Idea #8102
closed[Tools] Monitor running jobs and report when they're running poorly
Description
"Poorly" might mean they've gone unresponsive, they're not making effective use of their compute resources, etc.
This might be a big story that needs to get split up into multiple implementation stories.
Updated by Bryan Cosca about 10 years ago
A couple ideas:
If the job tempfailed, send an email to the person who ran the job saying something like "Hey your job temp failed because of [insert log here]." That way, I could know if I need to cancel that tempfail or let it keep running.
If the job is taking significantly longer than previous attempts, that should be reported as well.
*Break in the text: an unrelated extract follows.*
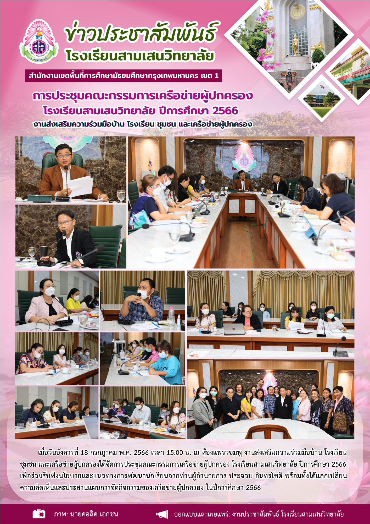 18 กรกฎาคม 2566 การประชุมคณะกรรมการเครือข่ายผู้ปกครอง โรงเรียนสามเสนวิทยาลัย ปีการศึกษา 2566 งานส่งเสริมความร่วมมือบ้าน โรงเรียน ชุมชน และเครือข่ายผู้ปกครอง

For example, wx7k5-8i9sb-nwzha570z5r07zf took 10.5 hours, and wx7k5-8i9sb-t6d3a3c8d98xwgt is currently taking 20+ hours.
The difference between the two jobs is a small one line change where I change the output file string.
bcosc2@shell:~/hartwig$ git diff 97d0..d6d4 diff --git a/crunch_scripts/sambambamerge.py b/crunch_scripts/sambambamerge.py index e8605d7..feacc12 100755 --- a/crunch_scripts/sambambamerge.py +++ b/crunch_scripts/sambambamerge.py @@ -31,7 +31,7 @@ sambamba_path = "/sambamba_v0.5.8" # 16 cores 60 GB RAM outdir = arvados.crunch.TaskOutputDir() -merge_out = os.path.join(outdir.path, job_key+'_merge.bam') +merge_out = os.path.join(outdir.path, job_key+'.merge.bam') sam_args = [sambamba_path, 'merge', '-t', '16', merge_out] #sam_args = [samtools_path,'merge','-@','16',os.path.join(tmpdir,'NA12878D_HiSeqX_R1.fastq.sam')]
A couple other things to report: are we using swap? Are we not fully utilizing all the cores available? (Things to let the user downsize or upgrade their node specifications)